- Citizenship: American
- Education: Northwestern University; Lake Superior State University
- Known for: Optimization, Combinatorial Optimization, Graph Theory, Network Optimization, Transportation, Supply Chain Management, Operations Research
- Honours: Charles Deering McCormick Professor of Teaching Excellence, 1996 to 1999. Kenneth J. Shouldice Achievement Award, 2003.

= Collette Coullard =

American mathematician

Collette René Coullard is an American mathematician, industrial engineer, operations researcher, and matroid theorist known for her research on combinatorial optimization problems that combine facility location and stock management. Formerly a professor at Purdue University, the University of Waterloo, Northwestern University, and Lake Superior State University, she has retired to become a professor emeritus.

==Education and career==
Coullard graduated in 1980 from Lake Superior State University, and earned her Ph.D. in 1985 from Northwestern University. Her dissertation, Minors of 3-Connected Matroids and Adjoints of Binary Matroids, concerned matroid theory and was supervised by Robert E. Bixby.
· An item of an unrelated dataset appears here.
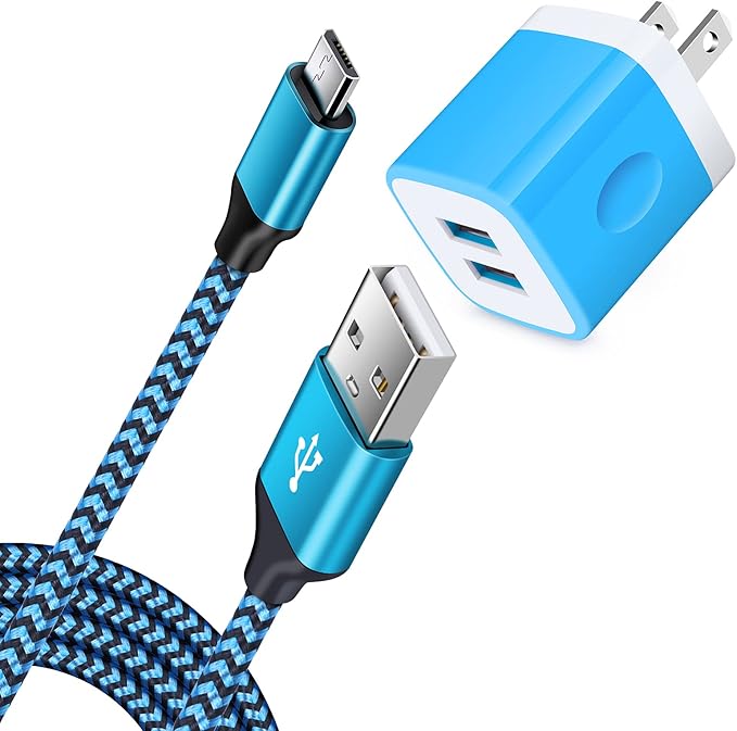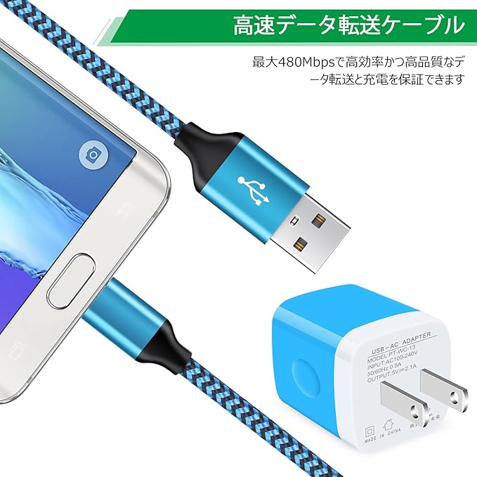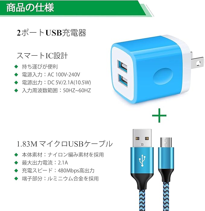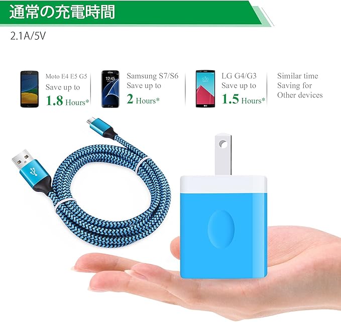 USB充電器 2ポート USB電源アダプター + Micro USB ケーブル*1.8M Hootek 5V/2.1A ACアダプター USB コンセント 2口 マイクロUSBケーブル 高耐久 ナイロン編み スマホ充電コード Galaxy S7 S6 Edge A6 J8 J5、LG V10 G4 G3 K30 K20 PlなどタイプB 機器に対応(ブルー) | oioioichan

She taught at Purdue University and visited the University of Waterloo before returning to Northwestern as a faculty member in 1990, and retired as a mathematics professor from Lake Superior State University in 2018. She has also visited the University of Bonn as a Humboldt Fellow.

==Recognition==
Coullard received the National Science Foundation Presidential Young Investigator Award in 1989. She was a Charles Deering McCormick Professor of Teaching Excellence at Northwestern University from 1996 to 1999. In 2003, the Lake Superior State University Alumni Association gave her their annual Kenneth J. Shouldice Achievement Award.